Regional Commissioner Kilimanjaro Region
- In office 2016–2021
- Appointed by: John Magufuli
- Preceded by: Leonidas Gama
- Succeeded by: Nicholas Kigaigai

Personal details
- Born: 23 January 1959 Mungumaji, Tanganyika (now Tanzania)
- Died: 22 July 2021 (aged 62) Mount Meru Hospital, Arusha
- Party: ACT-Wazalendo
- Other political affiliations: CHADEMA

= Anna Mghwira =

Tanzanian politician (1959–2021)

Anna Elisha Mghwira (23 January 1959 – 22 July 2021) was a Tanzanian politician and the one-time chair of the Alliance for Change and Transparency (ACT), the youngest political party in Tanzania. She was educated in the United Kingdom at the University of Essex and the University of Dar es Salaam as well as Tumaini University.

In 2015, she was the sole female candidate to contest the presidential seat in Tanzania's general election in October that year.

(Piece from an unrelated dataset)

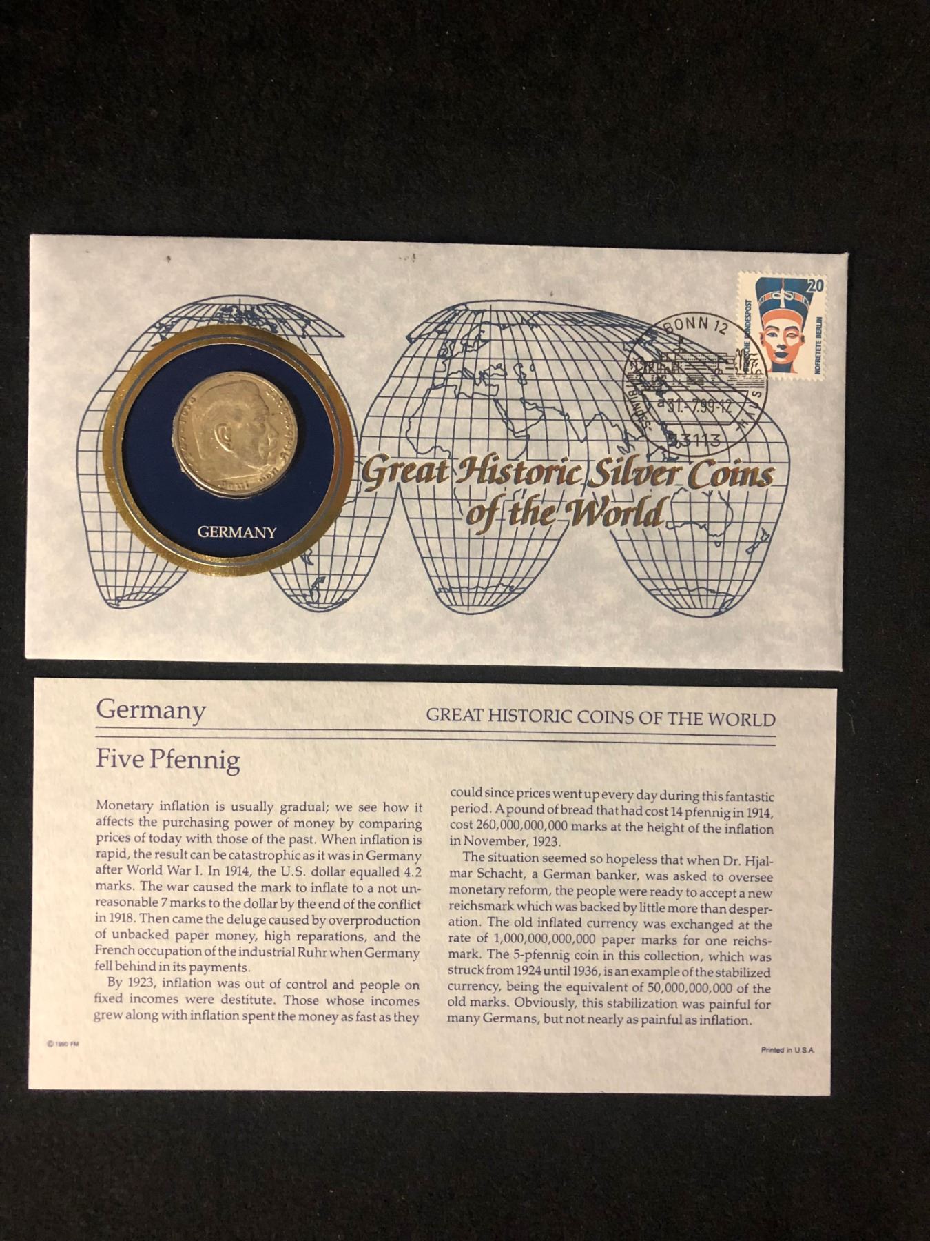 GREAT HISTORIC SILVER COINS OF THE WORLD SOLID SILVER .900 COIN AND FIRST DAY COVER
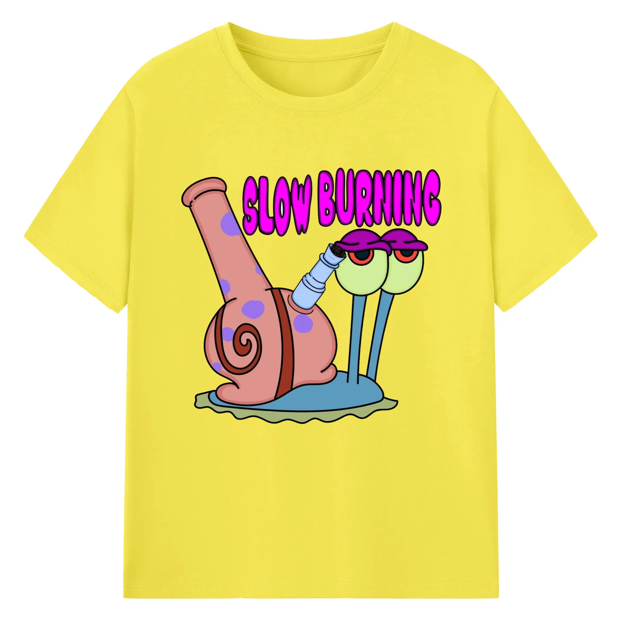 SpongeBob SquarePants Gary the Snail slow burning T-Shirt - 180g Cotton T-Shirt With Front Heat Transfer Print – Soft, Lightweight, Fitted Design – Comfortable Casual Wear For Sports & Everyday Use

== Early life and education ==

Anna Elisha Mghwira was born on 23 January 1959 at Singida Regional Hospital, Mungumaji Ward - Irao Suburb in Singida-Urban Municipality, Tanganyika. She spent her early years as a child at home due to a health problem which delayed her ability to walk. She joined Nyerere Primary school from 1968 to 1974. She then went to Ihanja Secondary school from 1975 to 1978 before joining the Lutheran Seminary for her advanced level from secondary education 1979 to 1981. She attained her bachelor's degree in Theology from Tumaini University before joining the University of Dar es Salaam, where she attained an LL.B. degree in 1986. She went to the University of Essex in England, where she attained a master's degree in law (LLM) in 2000. Mghwira worked for international and local organisations dealing with women's empowerment, community development, and refugees.

Her father was a councillor through TANU. Mghwira was creative with her hands and used her skills in braiding hair and crochet work to contribute to her school fees for her two years of secondary education. Some of her products were sold in the United States by one of her teachers, earning her US$1,200. Shortly the handicraft turned profitable after her clients learnt of her skills and decided to donate more (apart from purchasing her products) for her school fees up to “A” level.

== Activism and political life ==

Mgwhira's political journey started during the TANU era, when she was a member of the party's youth league. However she reduced her participation in politics in the late 1970s so that she could concentrate on her education, career, and family.

She returned to active politics in 2009, when she joined the centre-right political party Chama cha Demokrasia na Maendeleo, Swahili for Party for Democracy and Progress (Chadema). Ms Mghwira held various positions in the party, notably as district secretary and later as district chairwoman.

In 2012, she lost to Mr Joshua Nassari in the Chadema nomination for the Arumeru East constituency by-election. She unsuccessfully ran for a seat in the East African Legislative Assembly the same year.

In March 2015, she left Chadema for the newly formed ACT-Wazalendo, where she was later nominated the party's national chairwoman during the party's first general congress.

In December 2017, she left ACT-Wazalendo for Chama Cha Mapinduzi (CCM).

She served as Regional Commissioner of the Kilimanjaro region from 2017 May 2021, when she announced her retirement from the position. She was succeeded by Stephen Kagaigai.

On 22 July 2021, Anna Mghwira died in Mount Meru Hospital at the age of 62 years.